→ Task objective: The entries below should be repeated exactly, with no pictures carried over.

╭─ Supplied information

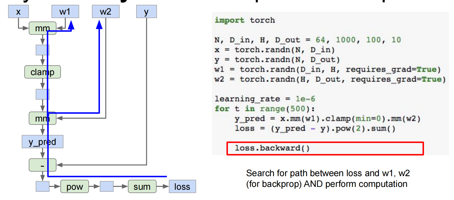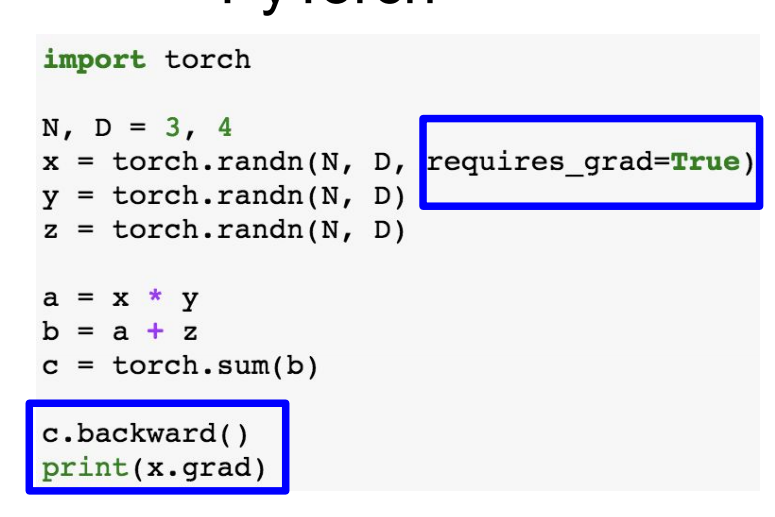 torch和tensorflow的优势在于: (1)自动计算梯度 如图所示
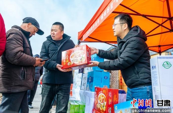 活动现场,五大特色服务区同步开放,成为群众争相参与的“打卡地”。“书香年味”文化体验区里,精品图书、年俗读物整齐陈列,剪纸、九九消寒图等非遗项目展示引人驻足,马年生肖文化图片让群众在触摸传统中感受年俗魅力;“榆味纷呈”年货展销区热闹非凡,兰州百合、特色牛羊肉等本地农副产品琳琅满目,“线下体验、线上下单”的电商联动模式,既让村民足不出村就能采购到优质年货,也为本地农产品拓宽了销路;“温暖瞬间”互动打卡区的新春主题背景墙前,老少咸宜的拍照场景定格下一张张幸福笑脸,传递着团圆喜乐的节日氛围。
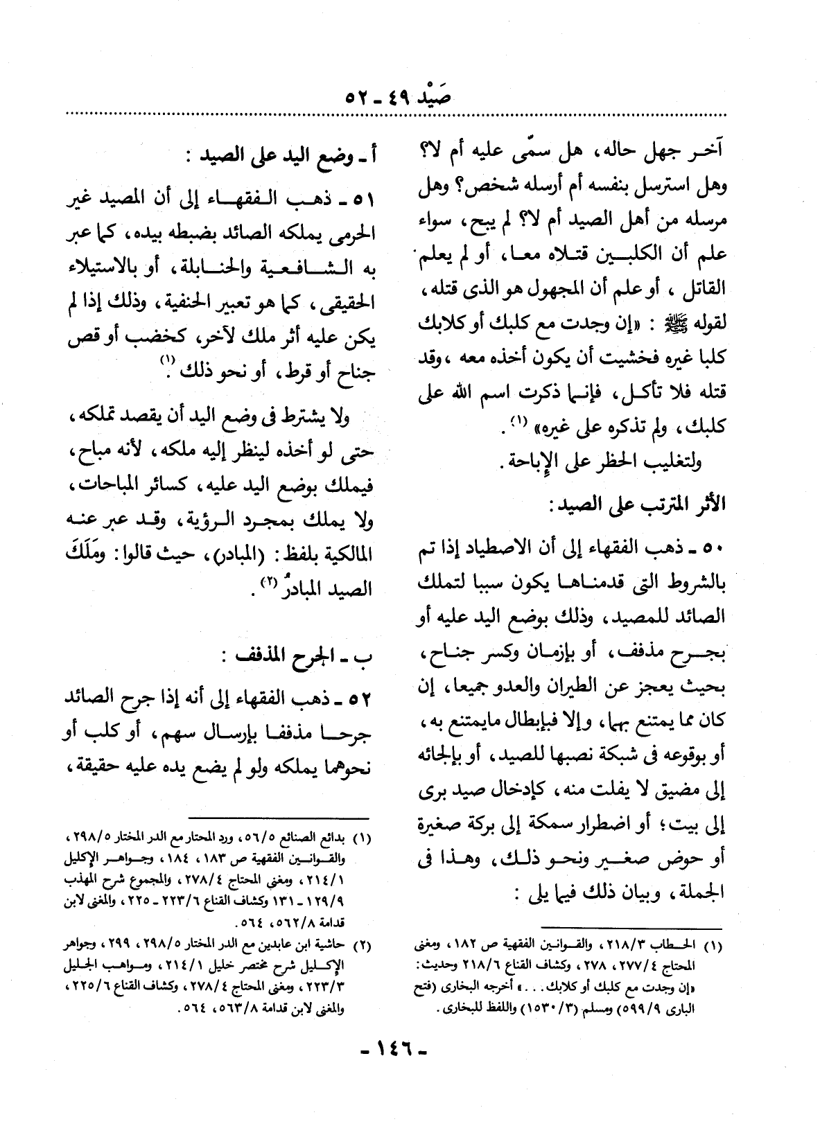 (1) الحطاب 3 / 218، والقوانين الفقهية ص 182، ومغني المحتاج 4 / 277، 278، وكشاف القناع 6 / 218، وحديث: " إن وجدت مع كلبك أو كلابك. . . ". أخرجه البخاري (فتح الباري 9 / 599) ، ومسلم (3 / 1530) واللفظ للبخاري.
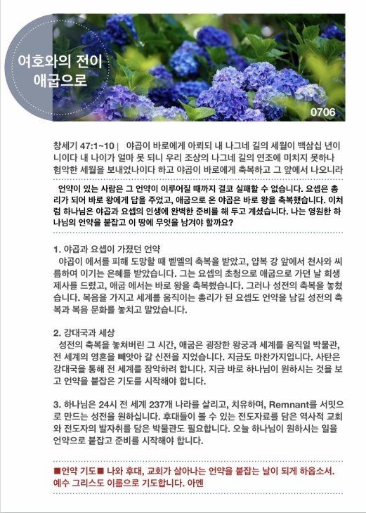 | 언약의 꿈은 반드시 성취됩니다(창세기 45:1~15)-기도수첩 (0) | 2020.07.04 |
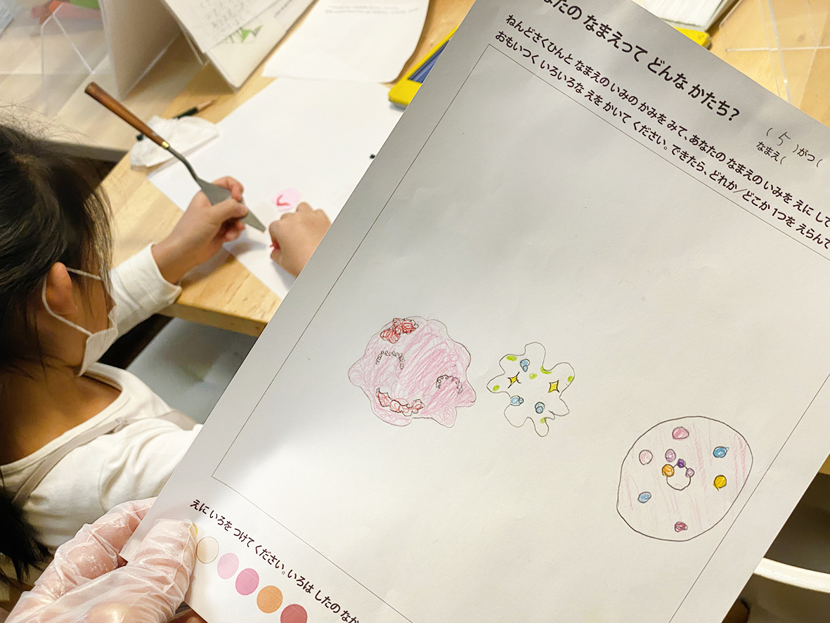 5月1週目の話してコースは自分の名前を題材にフィモ粘土でピンバッジを作りました。最初、前に作った粘土作品と自分の名前の意味を振り返り、新たな考えで自分の名前を絵にし、その後ピンバッジにしました。皆、抽象的な概念を会得したことは大きな成果です。
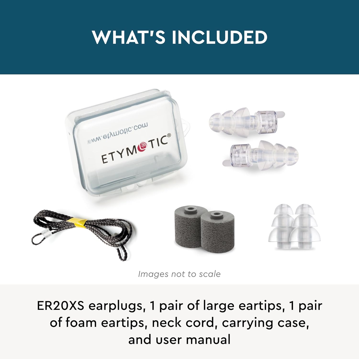 - IN THE BOX - Includes one pair of reusable ER20XS earplugs, one pair of large eartips, one pair of foam eartips, a small, flexible pull tab for easy removal, an easy-to-install neck cord, and a carrying case
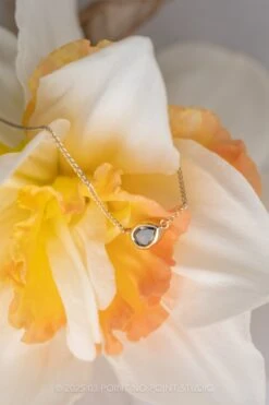 This stunning necklace features a gorgeous .74 carat fancy dark grey pear shaped diamond. The diamond is a top quality natural diamond; it is semi-translucent with unique tones and facets that catch the light. The brilliant cut diamond sits east to west in a sleek bezel setting.Â
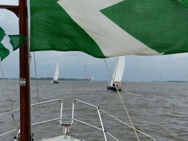 Die Überraschung kam am Sonntag früh.Der starke Wind hatte reichlich Wasser in die Elbmündung gedrückt.In der Folge wurde das Sperrwerk geschlossen, wodurch sich die Rückfahrt verzögerte. Also voll gegen den Ebbstrom.
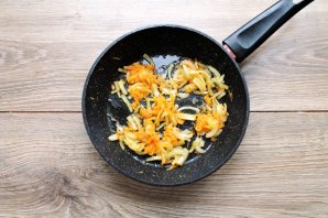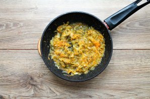 У сковороду наліце раслінную алей і выкладзіце дробна нарэзаны цыбулю і цёртую маліну. Пасмажце пасолку на сярэднім агні ў працягу 5-7 хвілін.
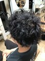 ブリーチしてからブルーブラックを濃いめに入れてあるので、一見黒に見えるが、光の下では味のあるブルーに!スパイラルパーマにちょっとだけツイストも入れてあるので、さらにランダムな動きがでてかっこいいですね!
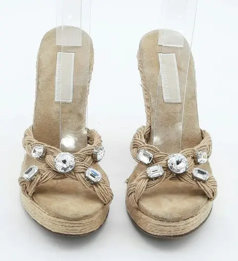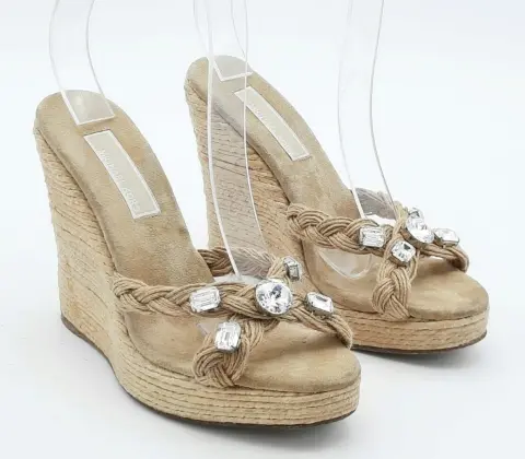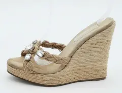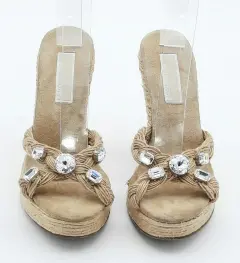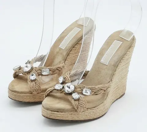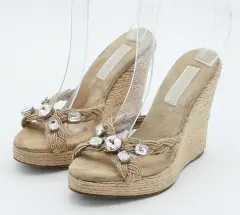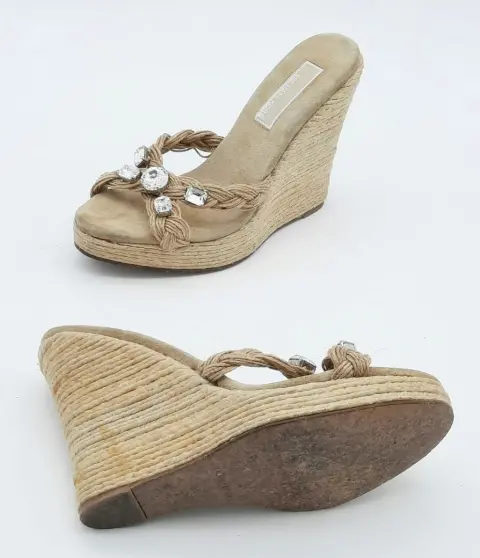 Hermosas sandalias wedge con detalle trenzado de yute con piedras brillantes de cristal, hechas en Italia muy raras de encontrar.Son usadas, tienen algunas manchitas de pegamento en el yute que cubre la plataforma ( ver fotos) no son muy notorios, talla 23mx (6 Usa).Altura de 12 cms.
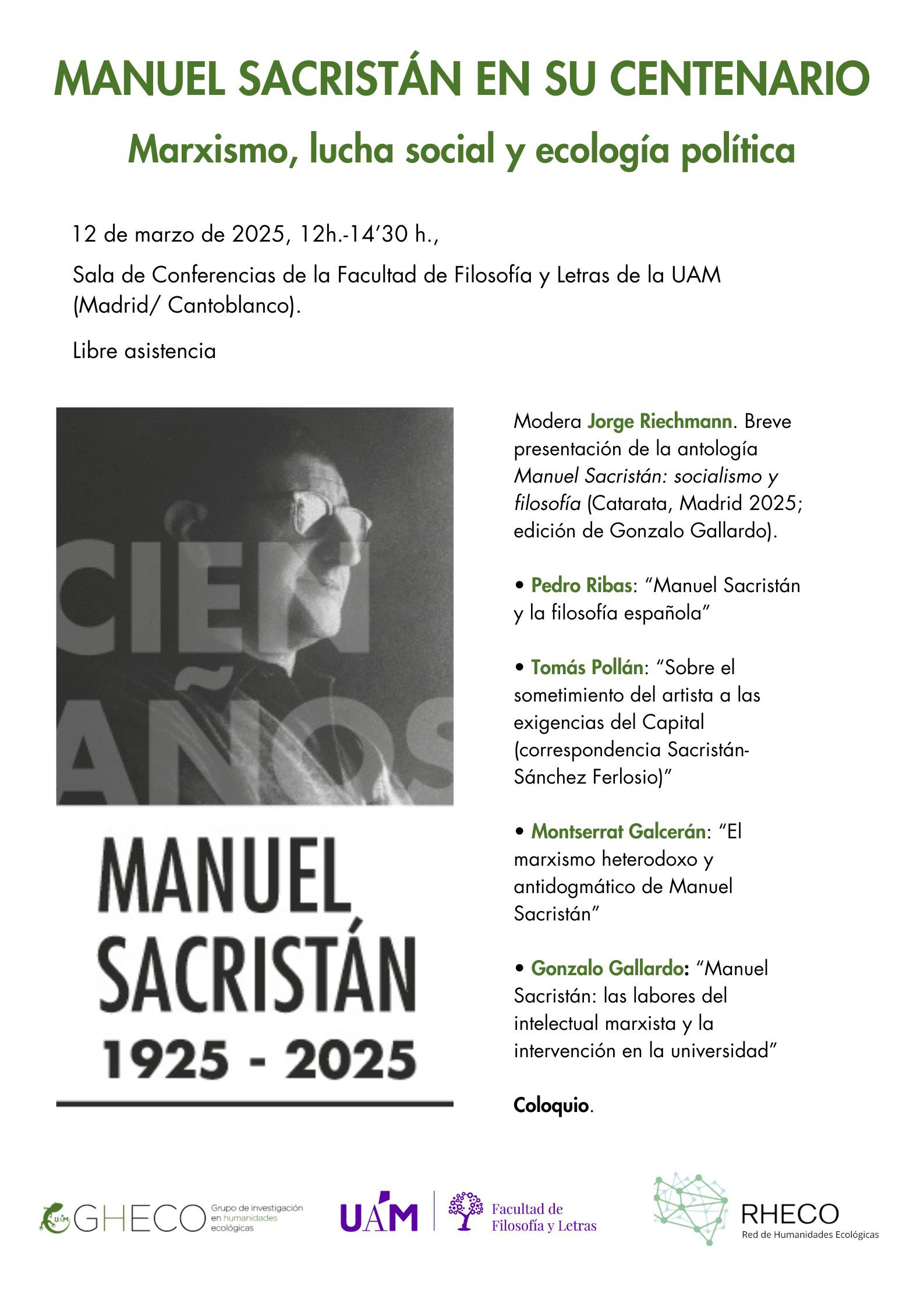 En la UAM, 12 de marzo. Centenario Manuel Sacristán
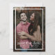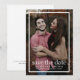 Denna moderna bröllopsfotografiska spara-datum-kort har en djärv ram och text över ett foto som sträcker sig över hela framsidan. Baksidan har en bröllopswebbplats. Klicka på redigeringsknappen för att ändra foton och text för att fullständigt anpassa denna design.
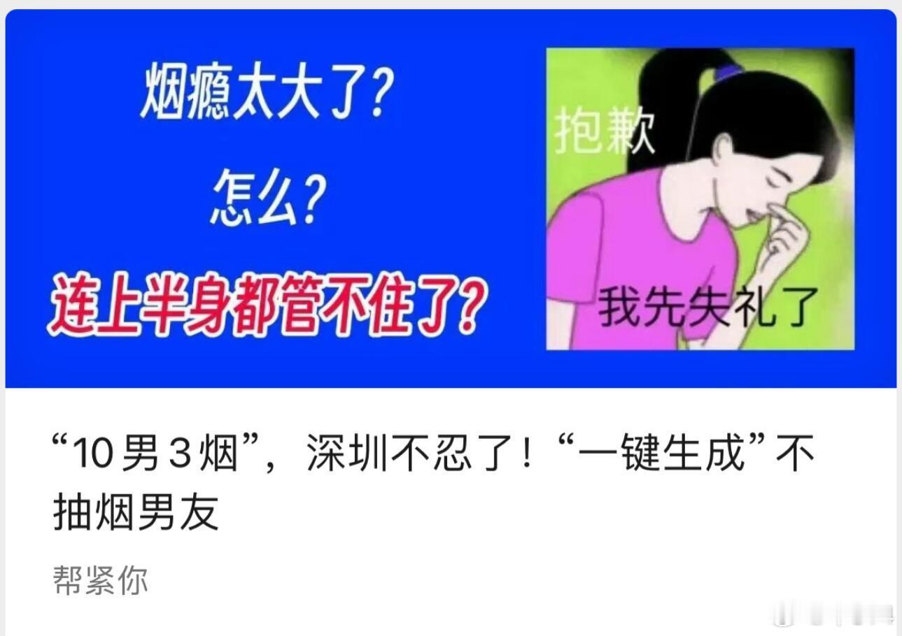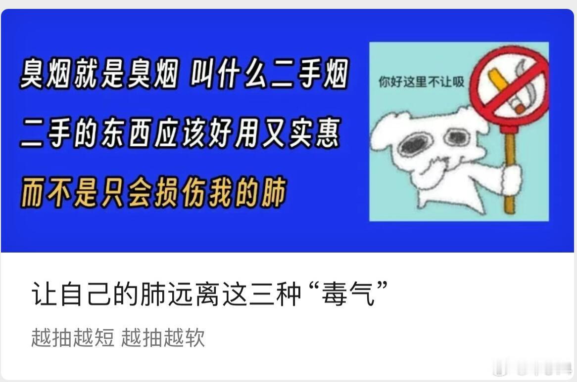 给深圳卫健委点个赞,禁言宣传这一块,你们是真的犀利又在行。个人是坚决支持室内场所禁烟的,哪怕短时间内做不到真的落实,也要加大监管处罚力度,尤其是那些在饭店非吸烟区里吸烟的、在电梯里吸烟的,抓到就是重罚,而且不是罚个50块100块就完事的,要按照收入比例处罚,参考欧洲一些国家的罚款力度,给他罚痛了才可以。抽烟这块深圳卫健委越骂越勇禁烟深圳卫健委发文怒怼二手烟

╰─

→ Result below:
 torch和tensorflow的优势在于: (1)自动计算梯度 如图所示
 活动现场,五大特色服务区同步开放,成为群众争相参与的“打卡地”。“书香年味”文化体验区里,精品图书、年俗读物整齐陈列,剪纸、九九消寒图等非遗项目展示引人驻足,马年生肖文化图片让群众在触摸传统中感受年俗魅力;“榆味纷呈”年货展销区热闹非凡,兰州百合、特色牛羊肉等本地农副产品琳琅满目,“线下体验、线上下单”的电商联动模式,既让村民足不出村就能采购到优质年货,也为本地农产品拓宽了销路;“温暖瞬间”互动打卡区的新春主题背景墙前,老少咸宜的拍照场景定格下一张张幸福笑脸,传递着团圆喜乐的节日氛围。
 (1) الحطاب 3 / 218، والقوانين الفقهية ص 182، ومغني المحتاج 4 / 277، 278، وكشاف القناع 6 / 218، وحديث: " إن وجدت مع كلبك أو كلابك. . . ". أخرجه البخاري (فتح الباري 9 / 599) ، ومسلم (3 / 1530) واللفظ للبخاري.
 | 언약의 꿈은 반드시 성취됩니다(창세기 45:1~15)-기도수첩 (0) | 2020.07.04 |
 5月1週目の話してコースは自分の名前を題材にフィモ粘土でピンバッジを作りました。最初、前に作った粘土作品と自分の名前の意味を振り返り、新たな考えで自分の名前を絵にし、その後ピンバッジにしました。皆、抽象的な概念を会得したことは大きな成果です。
 - IN THE BOX - Includes one pair of reusable ER20XS earplugs, one pair of large eartips, one pair of foam eartips, a small, flexible pull tab for easy removal, an easy-to-install neck cord, and a carrying case
 This stunning necklace features a gorgeous .74 carat fancy dark grey pear shaped diamond. The diamond is a top quality natural diamond; it is semi-translucent with unique tones and facets that catch the light. The brilliant cut diamond sits east to west in a sleek bezel setting.Â
 Die Überraschung kam am Sonntag früh.Der starke Wind hatte reichlich Wasser in die Elbmündung gedrückt.In der Folge wurde das Sperrwerk geschlossen, wodurch sich die Rückfahrt verzögerte. Also voll gegen den Ebbstrom.
 У сковороду наліце раслінную алей і выкладзіце дробна нарэзаны цыбулю і цёртую маліну. Пасмажце пасолку на сярэднім агні ў працягу 5-7 хвілін.
 ブリーチしてからブルーブラックを濃いめに入れてあるので、一見黒に見えるが、光の下では味のあるブルーに!スパイラルパーマにちょっとだけツイストも入れてあるので、さらにランダムな動きがでてかっこいいですね!
 Hermosas sandalias wedge con detalle trenzado de yute con piedras brillantes de cristal, hechas en Italia muy raras de encontrar.Son usadas, tienen algunas manchitas de pegamento en el yute que cubre la plataforma ( ver fotos) no son muy notorios, talla 23mx (6 Usa).Altura de 12 cms.
 En la UAM, 12 de marzo. Centenario Manuel Sacristán
 Denna moderna bröllopsfotografiska spara-datum-kort har en djärv ram och text över ett foto som sträcker sig över hela framsidan. Baksidan har en bröllopswebbplats. Klicka på redigeringsknappen för att ändra foton och text för att fullständigt anpassa denna design.
 给深圳卫健委点个赞,禁言宣传这一块,你们是真的犀利又在行。个人是坚决支持室内场所禁烟的,哪怕短时间内做不到真的落实,也要加大监管处罚力度,尤其是那些在饭店非吸烟区里吸烟的、在电梯里吸烟的,抓到就是重罚,而且不是罚个50块100块就完事的,要按照收入比例处罚,参考欧洲一些国家的罚款力度,给他罚痛了才可以。抽烟这块深圳卫健委越骂越勇禁烟深圳卫健委发文怒怼二手烟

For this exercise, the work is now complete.